ACTIVITY =
Counting only lines below that contain the string "vakken", give the total as a single number.

EXERCISE MATERIALS =
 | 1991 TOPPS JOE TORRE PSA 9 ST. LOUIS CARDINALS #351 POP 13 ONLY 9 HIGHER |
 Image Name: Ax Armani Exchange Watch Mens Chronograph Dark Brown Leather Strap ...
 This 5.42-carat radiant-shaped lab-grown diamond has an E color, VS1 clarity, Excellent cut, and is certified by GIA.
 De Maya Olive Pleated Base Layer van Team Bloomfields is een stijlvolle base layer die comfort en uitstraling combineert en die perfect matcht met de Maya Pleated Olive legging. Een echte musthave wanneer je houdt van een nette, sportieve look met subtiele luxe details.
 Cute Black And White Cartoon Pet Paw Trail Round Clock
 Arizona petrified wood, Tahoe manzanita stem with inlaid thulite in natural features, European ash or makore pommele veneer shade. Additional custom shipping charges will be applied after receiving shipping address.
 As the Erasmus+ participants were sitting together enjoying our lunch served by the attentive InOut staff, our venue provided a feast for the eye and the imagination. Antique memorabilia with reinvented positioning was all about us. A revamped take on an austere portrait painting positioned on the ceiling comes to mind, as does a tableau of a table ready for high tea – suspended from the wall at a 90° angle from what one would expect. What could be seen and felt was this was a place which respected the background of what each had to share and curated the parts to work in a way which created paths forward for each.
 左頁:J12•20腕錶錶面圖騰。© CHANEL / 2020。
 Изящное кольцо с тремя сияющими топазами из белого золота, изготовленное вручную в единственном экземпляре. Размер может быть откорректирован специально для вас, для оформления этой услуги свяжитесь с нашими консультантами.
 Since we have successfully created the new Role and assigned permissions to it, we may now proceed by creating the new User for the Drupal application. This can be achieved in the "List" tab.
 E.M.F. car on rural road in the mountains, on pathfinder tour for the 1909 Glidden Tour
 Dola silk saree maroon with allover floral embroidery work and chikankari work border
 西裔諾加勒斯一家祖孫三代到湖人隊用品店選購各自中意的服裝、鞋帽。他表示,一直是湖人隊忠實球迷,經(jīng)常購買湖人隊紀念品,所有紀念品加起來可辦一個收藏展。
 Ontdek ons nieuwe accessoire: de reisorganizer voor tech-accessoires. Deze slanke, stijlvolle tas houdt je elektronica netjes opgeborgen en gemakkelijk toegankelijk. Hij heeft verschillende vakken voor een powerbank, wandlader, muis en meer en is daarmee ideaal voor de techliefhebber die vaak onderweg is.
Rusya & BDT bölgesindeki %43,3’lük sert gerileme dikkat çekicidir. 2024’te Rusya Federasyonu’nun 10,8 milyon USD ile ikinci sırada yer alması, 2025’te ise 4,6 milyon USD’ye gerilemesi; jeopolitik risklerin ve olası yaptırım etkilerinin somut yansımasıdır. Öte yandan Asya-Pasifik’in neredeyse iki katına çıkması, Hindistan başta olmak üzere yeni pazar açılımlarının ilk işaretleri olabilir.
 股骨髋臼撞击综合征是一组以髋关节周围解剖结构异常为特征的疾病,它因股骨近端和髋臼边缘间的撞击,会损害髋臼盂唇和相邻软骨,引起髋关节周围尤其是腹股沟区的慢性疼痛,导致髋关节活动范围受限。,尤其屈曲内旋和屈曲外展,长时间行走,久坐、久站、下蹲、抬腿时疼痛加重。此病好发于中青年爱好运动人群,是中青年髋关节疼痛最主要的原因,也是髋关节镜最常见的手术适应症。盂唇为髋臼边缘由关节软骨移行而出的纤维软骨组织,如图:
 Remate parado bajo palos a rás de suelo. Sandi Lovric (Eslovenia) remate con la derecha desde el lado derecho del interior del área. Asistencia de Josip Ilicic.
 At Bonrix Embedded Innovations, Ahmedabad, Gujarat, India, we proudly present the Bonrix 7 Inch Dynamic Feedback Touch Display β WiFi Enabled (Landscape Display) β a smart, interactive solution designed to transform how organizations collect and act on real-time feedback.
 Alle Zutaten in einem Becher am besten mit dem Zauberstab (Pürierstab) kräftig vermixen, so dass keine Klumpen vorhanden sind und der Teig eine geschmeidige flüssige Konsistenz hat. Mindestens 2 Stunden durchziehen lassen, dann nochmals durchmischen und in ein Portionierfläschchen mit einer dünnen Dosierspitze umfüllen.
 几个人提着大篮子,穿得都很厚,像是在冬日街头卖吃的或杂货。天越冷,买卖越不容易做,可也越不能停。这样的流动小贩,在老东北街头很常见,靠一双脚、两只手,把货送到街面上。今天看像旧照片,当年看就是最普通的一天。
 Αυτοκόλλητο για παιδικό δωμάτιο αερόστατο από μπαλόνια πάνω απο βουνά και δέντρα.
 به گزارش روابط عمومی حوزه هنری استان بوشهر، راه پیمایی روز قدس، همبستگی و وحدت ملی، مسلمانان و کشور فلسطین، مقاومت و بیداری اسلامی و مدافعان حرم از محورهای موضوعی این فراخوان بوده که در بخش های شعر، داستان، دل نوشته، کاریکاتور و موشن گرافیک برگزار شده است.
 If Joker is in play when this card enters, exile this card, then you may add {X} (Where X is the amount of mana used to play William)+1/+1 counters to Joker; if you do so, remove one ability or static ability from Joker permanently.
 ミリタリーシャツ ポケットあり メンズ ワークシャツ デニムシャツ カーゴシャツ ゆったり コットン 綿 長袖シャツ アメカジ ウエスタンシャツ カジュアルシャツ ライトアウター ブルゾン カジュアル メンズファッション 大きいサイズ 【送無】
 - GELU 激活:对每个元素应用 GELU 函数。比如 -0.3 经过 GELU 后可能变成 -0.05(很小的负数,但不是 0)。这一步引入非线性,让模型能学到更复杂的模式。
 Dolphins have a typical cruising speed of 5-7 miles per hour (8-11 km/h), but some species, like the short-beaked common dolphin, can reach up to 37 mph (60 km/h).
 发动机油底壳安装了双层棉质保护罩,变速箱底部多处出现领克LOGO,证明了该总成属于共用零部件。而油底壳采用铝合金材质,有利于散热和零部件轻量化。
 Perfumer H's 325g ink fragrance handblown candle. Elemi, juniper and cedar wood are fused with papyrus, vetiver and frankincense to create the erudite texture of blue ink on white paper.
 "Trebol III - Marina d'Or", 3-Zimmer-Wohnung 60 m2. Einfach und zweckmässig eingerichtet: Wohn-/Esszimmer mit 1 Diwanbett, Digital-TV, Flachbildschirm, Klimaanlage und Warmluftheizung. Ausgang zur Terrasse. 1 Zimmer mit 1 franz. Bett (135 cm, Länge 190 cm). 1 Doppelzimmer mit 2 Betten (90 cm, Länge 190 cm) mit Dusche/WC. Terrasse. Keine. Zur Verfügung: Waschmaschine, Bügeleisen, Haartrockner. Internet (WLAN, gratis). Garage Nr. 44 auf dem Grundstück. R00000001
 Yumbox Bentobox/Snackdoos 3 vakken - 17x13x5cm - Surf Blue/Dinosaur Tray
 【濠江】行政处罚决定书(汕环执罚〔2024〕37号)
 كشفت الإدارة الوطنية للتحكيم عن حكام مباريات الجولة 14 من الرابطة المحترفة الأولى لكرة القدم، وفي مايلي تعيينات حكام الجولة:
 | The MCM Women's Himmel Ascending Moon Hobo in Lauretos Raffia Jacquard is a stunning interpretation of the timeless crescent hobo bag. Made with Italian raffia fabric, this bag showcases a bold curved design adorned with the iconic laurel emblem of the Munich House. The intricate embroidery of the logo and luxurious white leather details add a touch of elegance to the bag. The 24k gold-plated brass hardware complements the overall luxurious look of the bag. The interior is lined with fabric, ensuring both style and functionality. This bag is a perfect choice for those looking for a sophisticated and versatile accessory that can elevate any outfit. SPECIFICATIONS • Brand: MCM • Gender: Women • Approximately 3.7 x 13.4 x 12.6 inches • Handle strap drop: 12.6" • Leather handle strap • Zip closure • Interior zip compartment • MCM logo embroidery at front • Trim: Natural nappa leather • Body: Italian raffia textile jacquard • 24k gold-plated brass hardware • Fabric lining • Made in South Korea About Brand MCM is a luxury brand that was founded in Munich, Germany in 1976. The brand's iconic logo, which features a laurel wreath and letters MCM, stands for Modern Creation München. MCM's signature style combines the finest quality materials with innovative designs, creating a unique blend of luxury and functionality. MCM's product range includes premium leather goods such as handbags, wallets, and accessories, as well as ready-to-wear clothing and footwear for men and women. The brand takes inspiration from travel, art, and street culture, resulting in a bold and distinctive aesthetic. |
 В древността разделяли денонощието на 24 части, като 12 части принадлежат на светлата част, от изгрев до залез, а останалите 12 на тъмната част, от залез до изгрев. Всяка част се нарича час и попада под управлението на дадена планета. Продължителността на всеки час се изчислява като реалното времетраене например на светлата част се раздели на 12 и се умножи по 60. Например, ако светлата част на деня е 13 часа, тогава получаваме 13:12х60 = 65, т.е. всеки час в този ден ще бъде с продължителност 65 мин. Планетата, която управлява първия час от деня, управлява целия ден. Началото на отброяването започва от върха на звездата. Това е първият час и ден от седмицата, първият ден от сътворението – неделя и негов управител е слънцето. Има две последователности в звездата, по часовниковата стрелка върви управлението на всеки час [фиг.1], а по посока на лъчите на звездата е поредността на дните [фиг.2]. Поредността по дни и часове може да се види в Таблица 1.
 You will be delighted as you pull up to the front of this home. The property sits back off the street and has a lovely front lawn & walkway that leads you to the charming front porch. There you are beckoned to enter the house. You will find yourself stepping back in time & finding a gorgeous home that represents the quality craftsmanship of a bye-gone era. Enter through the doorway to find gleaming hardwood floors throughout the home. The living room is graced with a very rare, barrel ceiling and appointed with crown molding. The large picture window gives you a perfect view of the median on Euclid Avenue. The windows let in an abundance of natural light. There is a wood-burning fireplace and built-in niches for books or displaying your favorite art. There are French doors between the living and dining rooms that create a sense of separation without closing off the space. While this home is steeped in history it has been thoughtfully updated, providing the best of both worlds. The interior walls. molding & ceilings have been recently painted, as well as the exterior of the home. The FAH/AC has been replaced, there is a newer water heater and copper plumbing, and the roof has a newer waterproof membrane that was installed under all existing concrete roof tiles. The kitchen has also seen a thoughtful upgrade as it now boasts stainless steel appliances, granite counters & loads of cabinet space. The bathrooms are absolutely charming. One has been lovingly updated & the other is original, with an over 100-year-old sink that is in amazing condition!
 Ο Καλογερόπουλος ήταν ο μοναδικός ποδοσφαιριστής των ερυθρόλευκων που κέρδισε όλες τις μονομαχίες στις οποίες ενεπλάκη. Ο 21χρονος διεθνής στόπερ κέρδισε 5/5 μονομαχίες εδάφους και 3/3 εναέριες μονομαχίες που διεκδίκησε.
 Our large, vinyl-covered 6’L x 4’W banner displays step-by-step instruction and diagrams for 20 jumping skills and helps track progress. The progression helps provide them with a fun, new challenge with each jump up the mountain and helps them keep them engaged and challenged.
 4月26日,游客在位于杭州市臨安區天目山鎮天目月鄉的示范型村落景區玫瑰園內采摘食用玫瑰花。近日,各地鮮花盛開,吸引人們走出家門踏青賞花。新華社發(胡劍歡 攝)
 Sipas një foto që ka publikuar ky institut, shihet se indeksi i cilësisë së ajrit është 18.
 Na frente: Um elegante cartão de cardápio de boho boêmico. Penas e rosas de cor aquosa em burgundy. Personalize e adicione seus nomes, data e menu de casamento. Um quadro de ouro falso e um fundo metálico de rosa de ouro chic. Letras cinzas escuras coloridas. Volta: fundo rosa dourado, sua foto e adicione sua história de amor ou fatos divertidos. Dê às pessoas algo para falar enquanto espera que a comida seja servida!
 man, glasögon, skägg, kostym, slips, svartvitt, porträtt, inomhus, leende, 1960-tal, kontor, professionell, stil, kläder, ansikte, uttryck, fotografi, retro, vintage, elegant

SOLVED EXERCISE =
2